5. It was the evidence of the Appellant who represented herself, that when she received the Letter of Refusal from the Home Office it was accompanied by an appropriate form that it was open to her to complete if she sought to appeal that decision. She noted that at the top right hand corner of the form there appeared a box ticked to confirm that the matter would be decided on the papers. Further, the Appellant’s name was already entered. Both entries were in the same typeface. The Appellant having decided to appeal, proceeded in her longhand to complete the rest of the form, for this purpose

 

6. The Appellant told us that whilst she had noticed that there was an option to tick the box requesting an oral hearing she thought, not being a lawyer or understanding these matters, that because the box for a paper hearing had already been ticked, that this was the only way in which her appeal could proceed. Had she appreciated that she could have had an oral hearing then she would have undoubtedly sought it.

 

7. Indeed, since the appeal was lodged and prior to the hearing of this appeal before us, the Tribunal received from the Appellant with her letter of 30 June 2014 a bundle of documents that in fact included the record of attendance of the Appellant at the college from the outset of her course.

 

8. The Appellant explained that she had mistakenly thought that she only needed to provide to the First-tier Tribunal evidence from 24 January 2014. She readily accepted before us, that this was clearly a mistake.

 

9. The concern that the Appellant’s evidence raised with us, was whether in these circumstances there had been procedural unfairness due to the fact that the Appellant was thus denied or albeit inadvertently mislead, into believing that she could not take the opportunity of electing to have an oral hearing in which she could have given oral evidence in support of her own appeal and indeed at the oral hearing, produce all of the documents that are now before us.
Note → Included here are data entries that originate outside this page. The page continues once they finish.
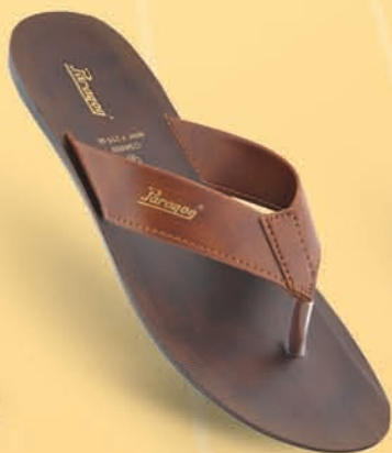
Model No. 6909
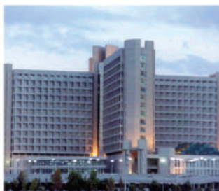
King Abdullah Hospital - Irbid
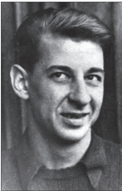
Таким запам'ятався сучасникам воротар Микола ТРУСЕВИЧ поза футбольним полем
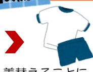
着替えることによって 気持ちの切り替えをする
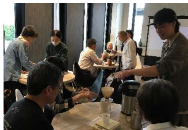
▲コーヒーの淹れ方を教わる様子

講師にまめのもんやさんをお招きし、コーヒーについての基礎知識を聞いて学んだ後は、教わったコーヒーの淹れ方を実際に体験しました。教わった方法で淹れたコーヒーを飲んだ参加者からは「おいしくなった」との声もあり、参加者同士で持参したサーバーのことなどを楽しそうに会話する姿も見られました。館内に広がるコーヒーの香りに図書館スタッフも思わずうっとり。
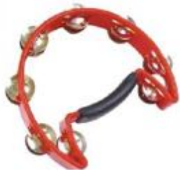
CORONA DE CÍMBALOS REF 195-70909

Fabricadas en madera. Pintadas a mano. Set de 2 Maracas. Medidas: 20 cm largo.
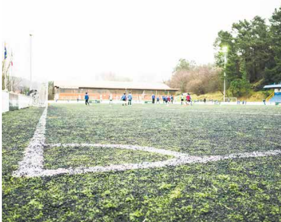
Urko futbol-zelaiaren belarra hobetzeko 4.000 euro aurreikusten ziren

Udal Gobernuak 639.607 euroko aurrekontu-moldaketa aurkeztu zuen otsaileko udalbatzara, «beharrezkoak» diren proiektuak onartzeko asmoz, baina oposizioak ez du onartu.
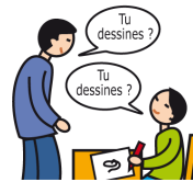
Utilise le langage de façon écholalique
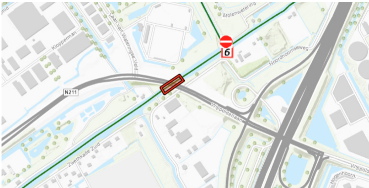
Figuur 1: Locatie gedeeltelijke stremming (rode rechthoek) Aangezien de stremming in het vaarseizoen 2026 plaatsvindt en deze vaarweg een belangrijke verbinding vormt binnen het vaarnetwerk, is besloten een stremmingsbesluit af te geven.
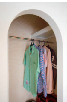
隠せるオープンクローゼット
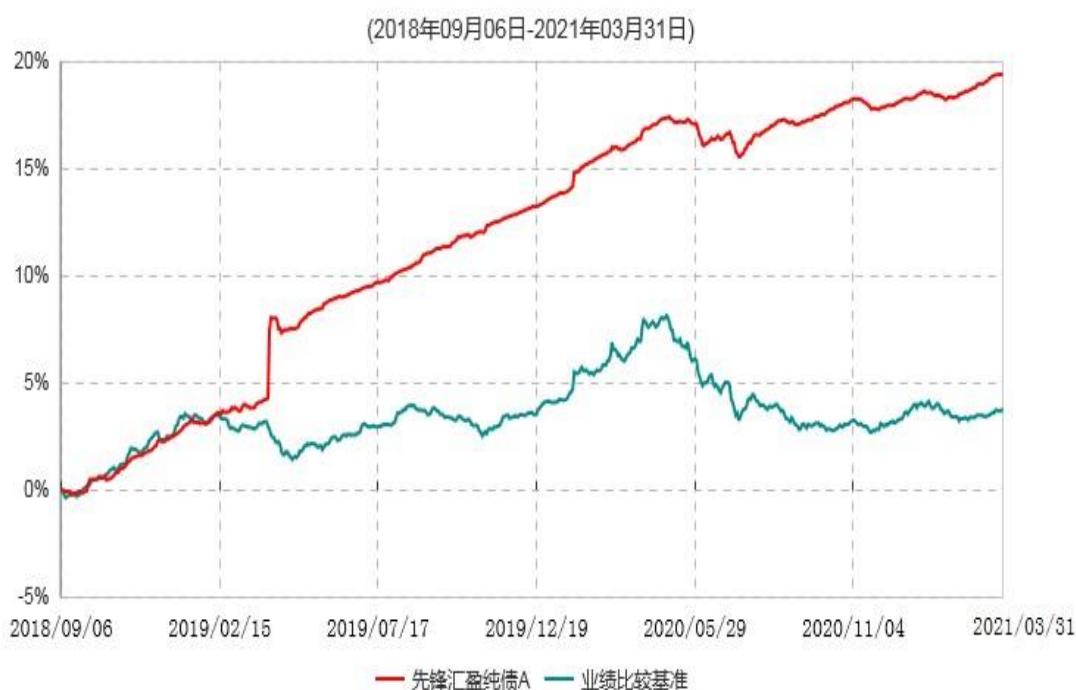
先锋汇盈纯债A累计净值增长率与业绩比较基准收益率历史走势对比图
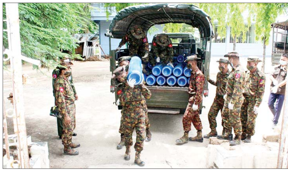
ပြည်သူ့ဆေးရုံများနှင့် ပရဟိတအသင်းများသို့ အောက်ဆီဂျင်အိုး လီတာ ၄၀ ဆဲ့ ၉၉ လုံးတို့ကို အနောက်တောင်တိုင်းစစ်ဌာနချုပ်မှ နယ်မြေခံ

နေပြည်တော် ဇူလိုင် ၂၈ ကိုဗစ်-၁၉ ရောဂါဓာတ်ခွဲအတည်ပြု ပိုးတွေ့လူနာ များနှင့် သီးသန့်စောင့်ကြည့်ရမည့်သူများကို ကုသရေးလုပ်ငန်းများ ဆောင်ရွက်ရာတွင် အောက်ဆီဂျင် လိုအပ်ချက်များကို တစ်ဖက် တစ်လမ်းမှ အထောက်အကူပြုစေရန်အတွက် တပ်မတော်နှင့် အလှူရှင်များက အောက်ဆီဂျင် အိုးများကို တိုင်းဒေသကြီးနှင့် ပြည်နယ်အသီးသီးရှိ ပြည်သူ့ဆေးရုံများ၊ တပ်မတော်ဆေးရုံများ၊ ကျန်းမာ ရေးဌာနများနှင့် ကိုဗစ်စင်တာများသို့ ပေးလှူဒါန်း လျက်ရှိသည်။ ထိုသို့ လှူဒါန်းလျက်ရှိရာ ယနေ့တွင် နေပြည်တော်ကောင်စီနယ်မြေ ဇေယျသီရိမြို့နယ် နေပြည်တော်ပြည်သူ့ဆေးရုံကြီး ခုတင် ၁၀၀၀ သို့ အောက်ဆီဂျင်အိုး အလုံး ၅၀ ကို နေပြည်တော် တိုင်းစစ်ဌာနချုပ်မှ နယ်မြေခံတပ်မတော်သားများက လည်းကောင်း၊ ဧရာဝတီတိုင်းဒေသကြီး ပုသိမ်မြို့၊ သာပေါင်းမြို့၊ မအူဝင်မြို့နှင့် ဓနုမြို့များရှိ
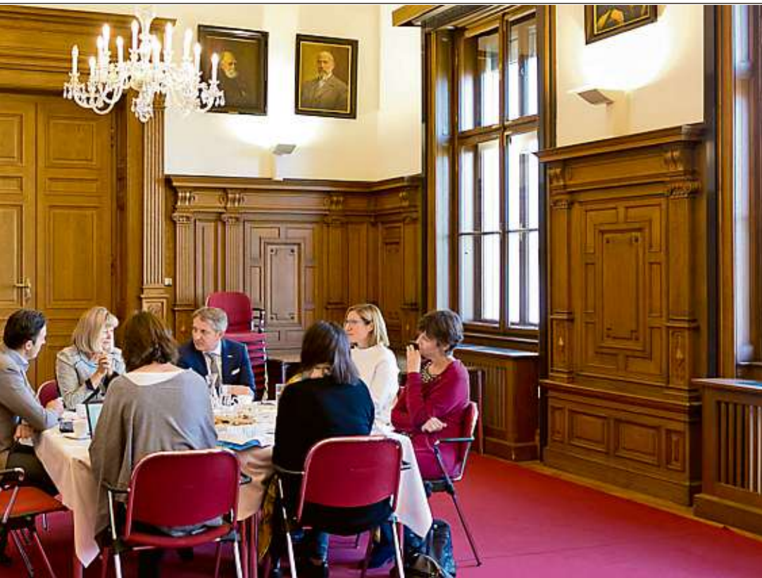
Vorfeld des Karrierefestivals Excellence 2017 an der Uni Graz
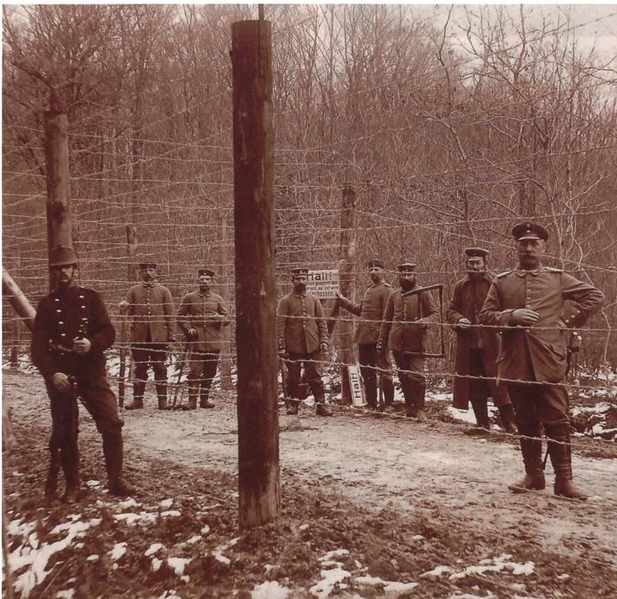
Schweizer Soldat am Grenzzaun mit deutschen Soldaten.
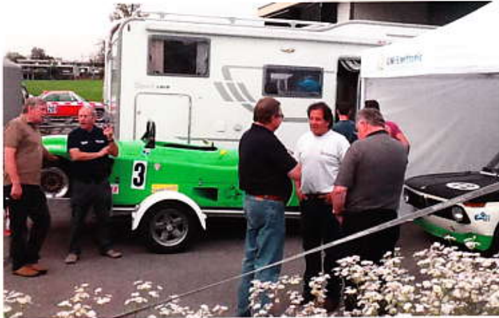
Benzingespräche im Fahrerlager
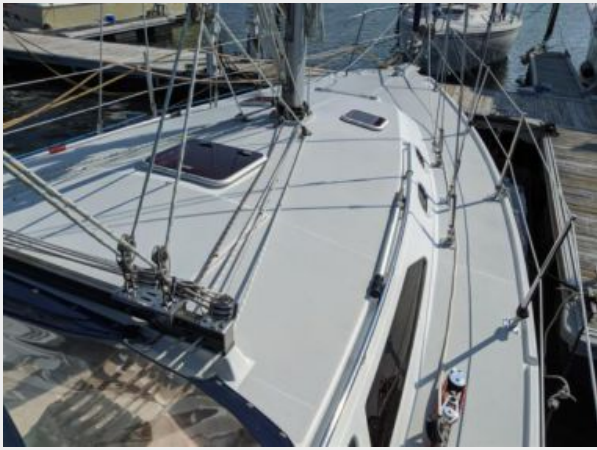
7234817_20191001103528394_1_XLARGE - 7234817_20191001103503537_1_XLARGE - Сору Сору
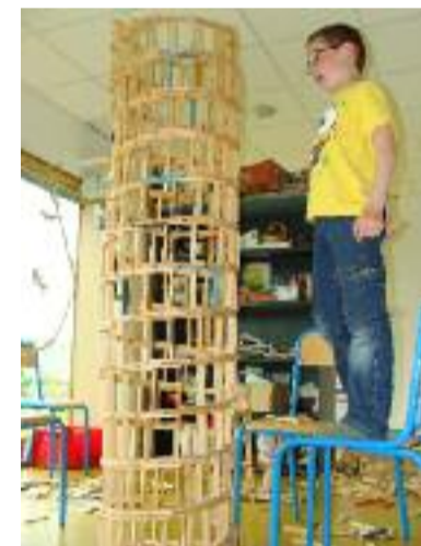
Le jeu et le plaisir de jouer à la ludothèque Bisibul.

laroulotte.poher@gmail.com Pratique : Maison de l'enfance 7, route de Kerniguez 29 270 Carhaix-Plouguer Tél : 02 98 99 44 45
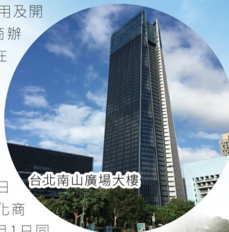
台北南山廣場大樓

東京都繼去年4月1日進駐台北南山廣場大樓，今年7月1日進駐遠雄金融中心。為持續強化商辦業務開發動能，公司也於7月1日同步於營推中心下設商管小組，負責A級商辦物件之開拓及管理。
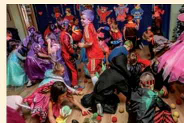
Łapiemy kolorowe kuleczki
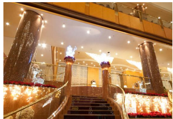
(らぶすたスポット)
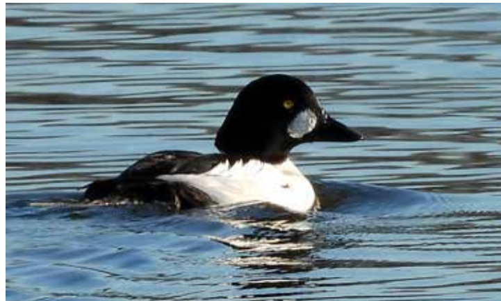
Brilduiker, 22 november, Everdingen Uiterwaard.
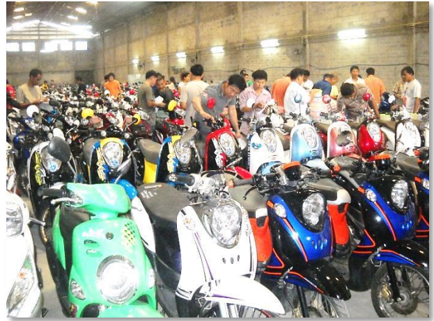
รูปภาพ : ตรวจสอบสภาพรถประมูล
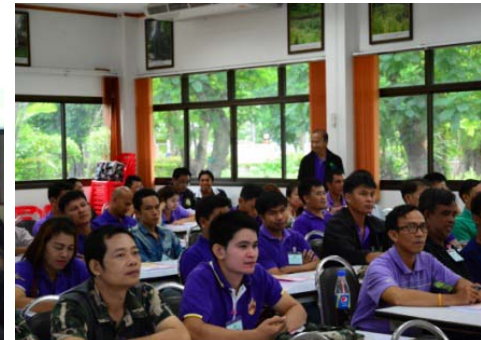
สมาชิกสหภาพ เข้าร่วมฟังการบรรยายอย่างตั้งใจ
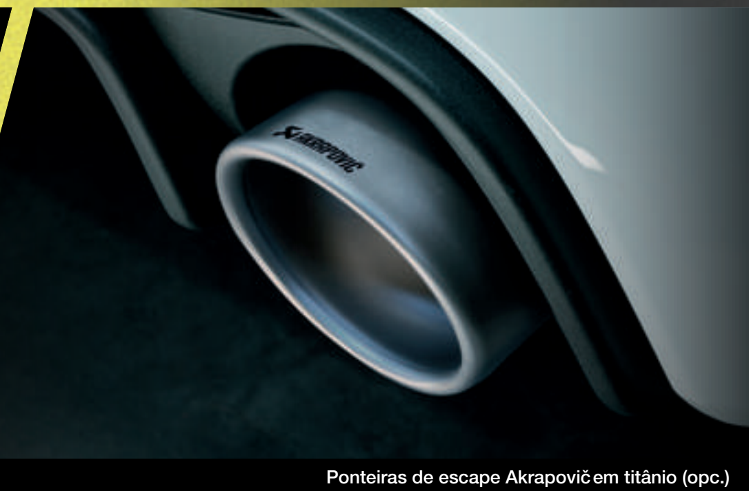
Ponteiras de escape Akrapovič em titânio (opc.)
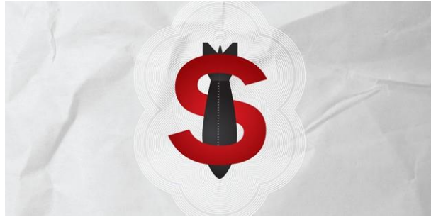
資料 : ICAN

할수있게 될것이다. 더우기,이러한 실천 예로는 체결국 회의에서 공유를할수가 있는것이 가능하고, 만약 각국이 그것을 채택하게 된다면 이행조치에 관한 지원을 요청한다든가 제공을 하는것등이 가능할것이다.
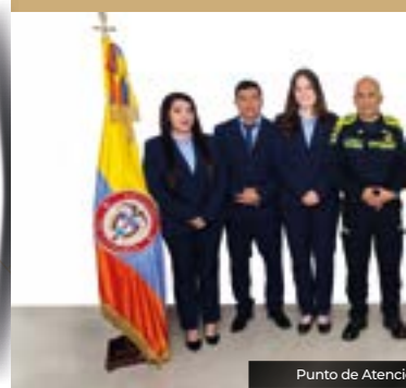
Punto de Atención
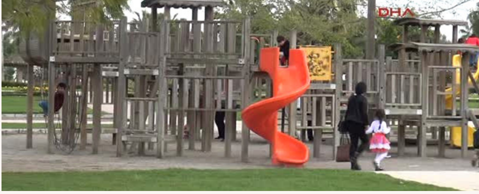
Şekil 2. Adana Parkta Düşen Çocuk Haberi.

• 18.03.2015 tarihinde Adana’da parkta oynayan 2,5 yaşındaki çocuk tırmanma zincirinden düşüp yaralanmıştır.
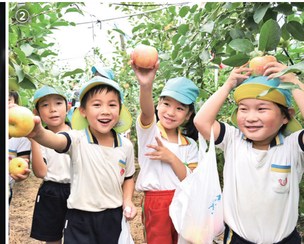
①おかげ祭り、②多田りんご園、③焼肉カーニバル、④盆地まつり、⑤こけのないからだづくり講座、⑥高崎夏まつり、⑦⑧「道の駅」都城NiQLL、⑨早水六月灯、⑩花木あげ馬
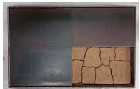
O.T. 2000 Stahl, Erde 3x 40 x 30 cm Privatbesitz
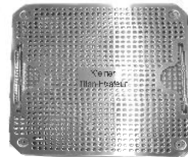
Siebschale, Lochblech mit Einteilung und Deckel Art.-Nr.: SO-700-301
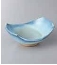
79-10-34G 1,180円 藍釉流し舟型鉢 12.2×10×5cm
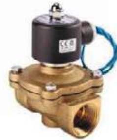
VÁLVULA SOLENOIDE BR PARA GAS
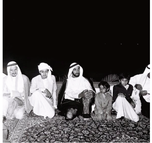
Sheikh Zayed bin Sultan Al Nahyan, celebrating the Malid with his sons Mohammed, Hamdan and Hazza
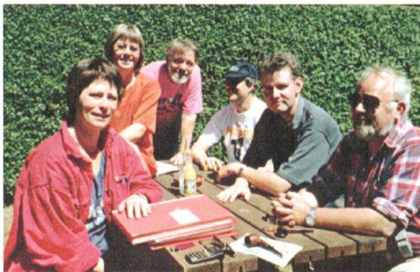
Måløvhøjs bestyrelse 1998
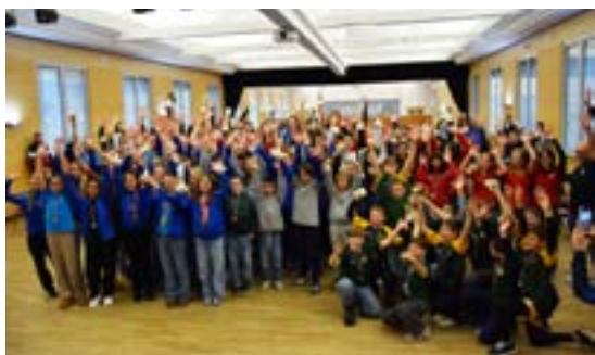
Remise des trophées des sports (11/01/2026)
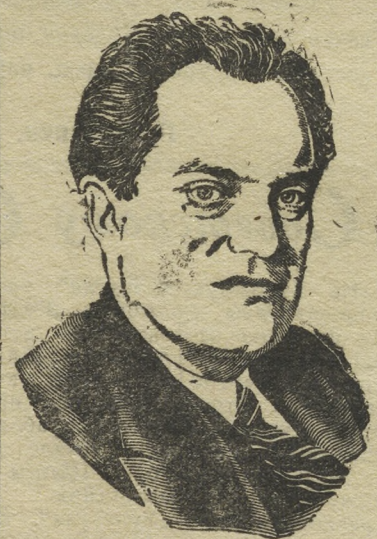
В. В. Куйбышев.

Велика честь состоять членом партии Ленина—Сталина! Но велика и ответственность, велики и обязанности, которые партия возлагает на членов партии. Они должны вести за собой массы, поднимать их мобилизационную готовность, быть впереди масс везде и всюду, где куется оборонная и социалистическая мощь нашей великой родины.
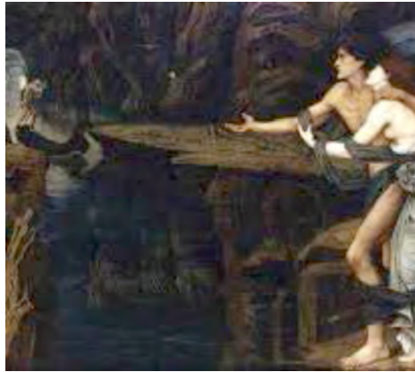
John Roddam Spencer Stanhope, Orfeo y Euridice en los bancos de la Laguna Estigia (1878).

Campos Elíseos y cuya entrada estaba cerca del mar o de un río. Llama la atención que la escritora británica situase la entrada a la Cámara en el baño de los prefectos de la cuarta planta, a través de una cañería. A diferencia de los griegos, que tenían que cruzar la Laguna Estigia para llegar al Inframundo, Harry tiene un camino que le lleva hasta la misma entrada. No obstante, el agua también está presente en la Cámara, ya que parece que tenemos una especie de laguna en donde se sitúa la plataforma que lleva hasta la colosal estatua de Salazar Slytherin.

Clearly, had the First-tier Judge seen the record of attendance that is now before us and had he considered that it was cogent evidence in support of the Appellant’s case that she did not fail to attend her course, he may well have come to a different decision.

 

10. We were thus concerned that that there had in consequence, been a procedural irregularity which has led to an unfair hearing recognising that justice must not only be done but seen to be done.

 

11. Most helpfully, Mr Wilding for the Respondent accepted that in such circumstances the appropriate course would be to set the decision of the First-tier Judge aside and to make a fresh decision.

 

12. Upon our careful consideration of the matter, we concluded for the above reasons that the appropriate course was to set aside the decision of the First-tier Tribunal. We considered whether to remit this appeal to the First-tier Tribunal but having ascertained that a remitted hearing of this appeal could take many months, we decided with Mr Wilding’s and the Appellant’s agreement, that fairness demanded that we should ourselves proceed to make that fresh decision. We therefore proceeded to consider the evidence that was now before us in its totality.

 

13. Having seen and heard the Appellant’s unchallenged oral evidence that was not the subject of cross-examination, we had no difficulty in concluding that she was an honest and credible witness, who had had no intention of deceiving the Tribunal and indeed what she told us was reinforced by the attendance record that we, upon our careful consideration, found to be both a reliable, persuasive and cogent piece of documentary evidence.

14. Thus upon our consideration of the evidence in its totality, both oral and documentary, and for the above reasons, we had no difficulty in concluding that the Appellant had discharged the burden of proof upon her, to the requisite standard of a balance of probabilities, to show that contrary to the Respondent’s understanding, the Appellant did indeed attend and complete her course of study.

 

 

 

 

 

Conclusion

 

15. The making of the decision of the First-tier Tribunal did involve the making of an error on a point of law.

 

16. We set aside the decision.

17. We re-make the decision in the appeal by allowing it.